Uniquely on this list, Passadone knows how to return to where he came from. If you ask, he might even allow you to come with him, although he will demand your conversion before he will agree to this. He has his soul to think about.
HD3, medium longsword and pistol, 3x light surgical blades, medium armour, rides a horse. Also has a spyglass, a compass (a useless but expensive curio in the Barony), a set of weights and measures, a scale, a small golden needle, and fifty copies of a book of collected Hesayan scripture.
His baboon retainers are HD1, attack with bites and coshes (as medium weapon), gain +1 to hit and damage when two or more attack the same target, and test morale at loud noises and bright flashes. They also cannot be crit, as their bodies have the consistency of hamburger and lack vital organs.

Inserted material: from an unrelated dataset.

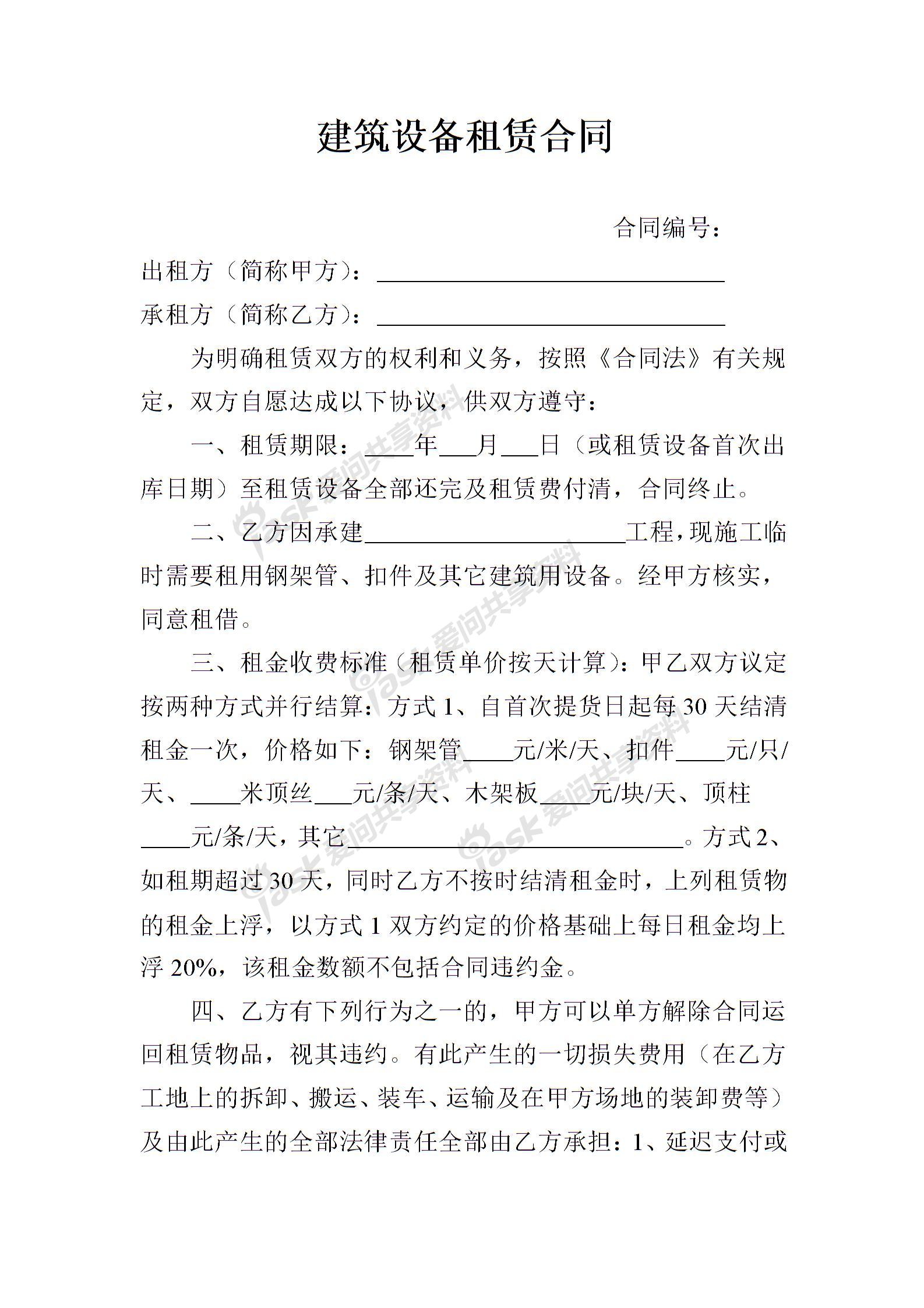 建筑设备租赁合同
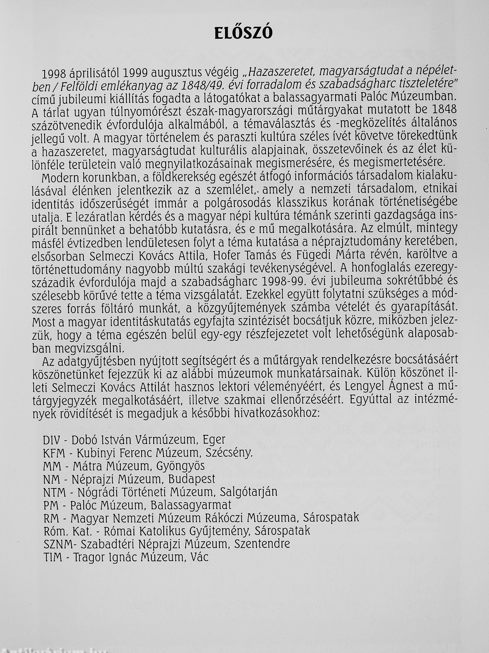 Modern korunkban, a földkerekség egészét átfogó információs társadalom kialakulásával, élénken jelentkezik az a szemlélet, amely a nemzeti társadalom, etnikai identitás időszerűségét immár a polgárosodás klasszikus korának történetiségébe utalja. E lezáratlan kérdés és a magyar népi kultúra témánk szerinti gazdagsága inspirálta behatóbb kutatásra, és e könyv megalkotására.

Passadone can use a liver of human size or greater to make a new baboon - the process takes him about an hour. He can only control four at a time, but this number may increase - see below. He can also eat a human liver to gain a second attack in combat for one hour at the cost of 1 fatigue, and can feed one to a baboon with the same effect.
Once each per day, Passadone can: eat a human heart to regain d6 HP; point at a baboon to have it explode, dealing d6 boiling innards damage to everything within 10 feet; pierce himself with a golden needle, dealing d4 damage, and mirroring that damage on one target that he can see.

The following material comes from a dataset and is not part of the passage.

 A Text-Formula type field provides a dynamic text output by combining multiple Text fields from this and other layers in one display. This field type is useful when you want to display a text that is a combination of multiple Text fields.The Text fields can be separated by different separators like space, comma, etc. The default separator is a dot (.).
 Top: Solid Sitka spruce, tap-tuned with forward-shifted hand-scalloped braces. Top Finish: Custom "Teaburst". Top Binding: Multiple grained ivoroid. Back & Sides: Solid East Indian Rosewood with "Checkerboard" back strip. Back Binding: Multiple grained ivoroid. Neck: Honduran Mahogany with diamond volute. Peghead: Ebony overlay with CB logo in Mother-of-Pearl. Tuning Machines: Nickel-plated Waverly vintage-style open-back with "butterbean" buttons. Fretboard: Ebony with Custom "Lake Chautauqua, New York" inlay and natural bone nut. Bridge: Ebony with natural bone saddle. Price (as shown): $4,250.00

It goes without saying that he will harvest the organs of those he kills.
He is a merchant, and his retainers act as his porters outside of combat (they carry backpacks for the purpose). He can sell you foreign rations and sundries at twice the usual prices, and will also have one of his specials on him each time you meet. He will only trade his specials for the livers of monsters of 4HD and higher, and each time you buy one, the next will double in liver-price (reroll any doubles). Every special you buy will increase his number of baboon retainers by one.
- Cloak of Winds. Allows you to leap ten times your normal height (no protection against fall damage). If you have sincerely converted to the Hesayan faith, you can also cast featherfall on yourself at will.

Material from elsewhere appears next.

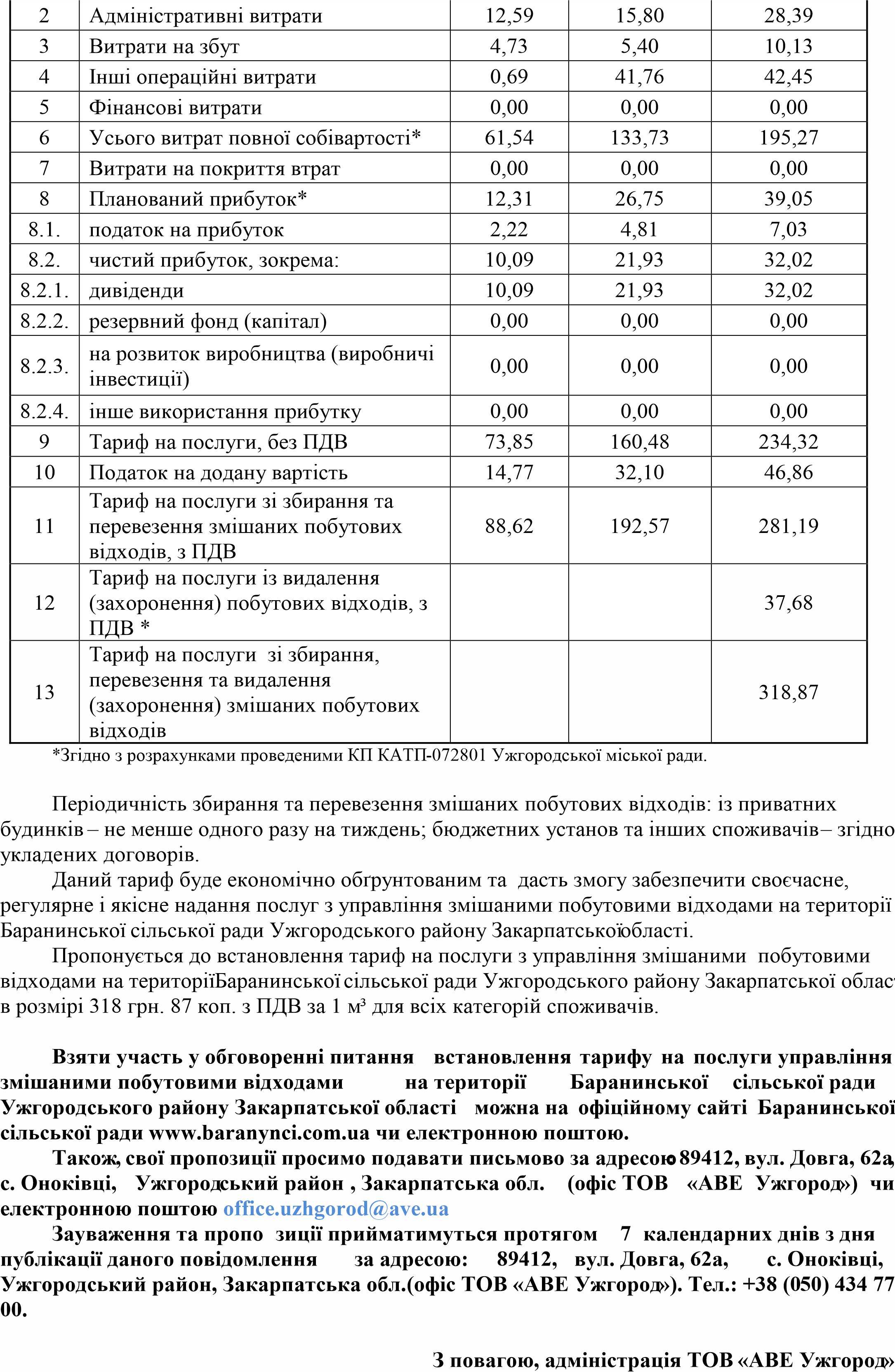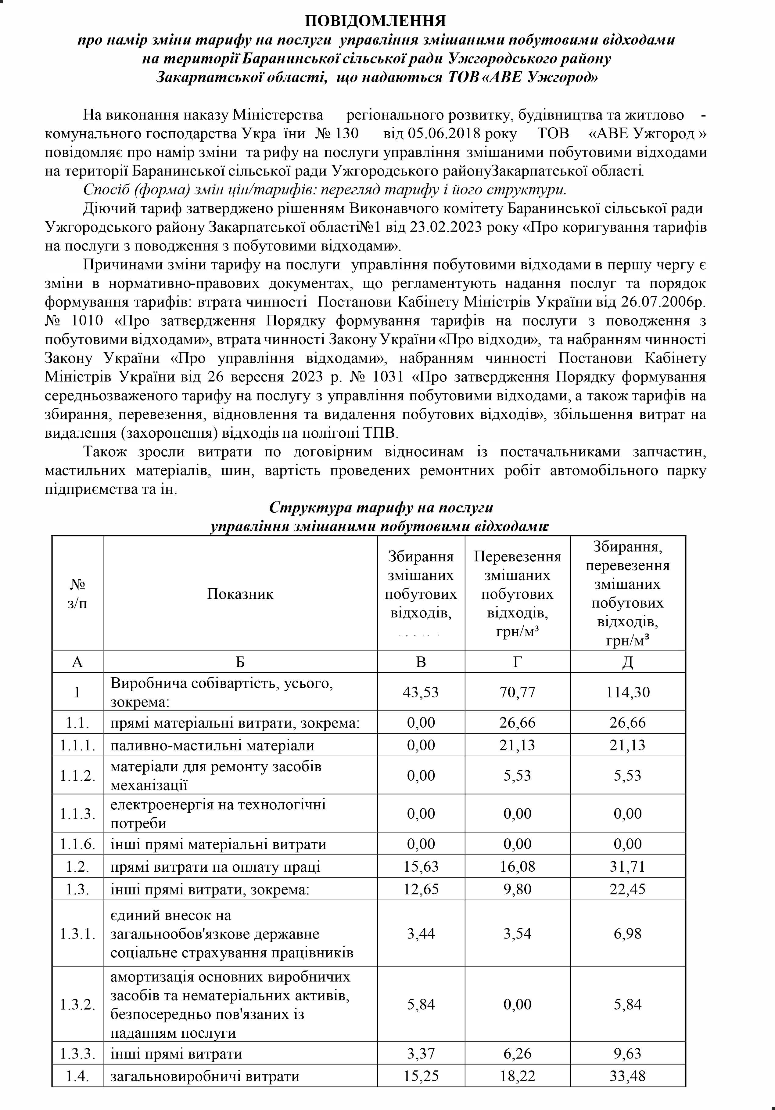 ПОВІДОМЛЕННЯ про намір зміни тарифу на послуги управління змішаними побутовими відходами на території Баранинської сільської ради Ужгородського району Закарпатської області, що надаються ТОВ «АВЕ Ужгород»

- The Hands of the Ghoul. A pair of animate human hands that you can train like rats. The don't decompose or need food, and the stumps don't bleed much anymore. They love being petted. Each has 1hp.
- Mutagenic Draught. Whoever drinks it rolls on the list. They roll twice if they have a CON mod of 0 or less.
- 'Tame' Baboon. Apparently not one of his. Violent and quite stupid, but cheerfully loyal. Understands common, up to three word sentences. Comes with a bellhop outfit and a medium brass cudgel. Cannot be crit, due to its body actually being composed of hamburger meat. Baronial apes fear it the way you would fear a skinwalker.
- Eye of the Angelman. An eyeball with a brilliant blue iris. If you replace one of the eyes of a freshly dead (like in the last thirty minutes) body with this, the corpse will be resurrected with its mind and soul intact. Any hair turns white-blonde. The person so-resurrected can now eat corpses as rations, and will be attacked on site by any angel or demon they meet.
- Bound Maker. A black tar-like substance in a glass bottle, fitted with a complicated valve mechanism. If you place the valve down the neck of a dead body (of any species), the Maker will take control of the body. It is quite intelligent, and can continue puppeting a host body until it is literally dismembered. I would like to be freed into the ocean, and will request this from you in exchange for loyal service measured in decades (it has an inhuman patience). If it is ever freed, it will begin the slow process of rampant self replication at the bottom of an ocean trench, and finally begin its true works - the laying of great foundations and signalling apparatus in the abyssal deeps.
You cannot buy anything from Passadone without also taking a free book of Hesayan prayer.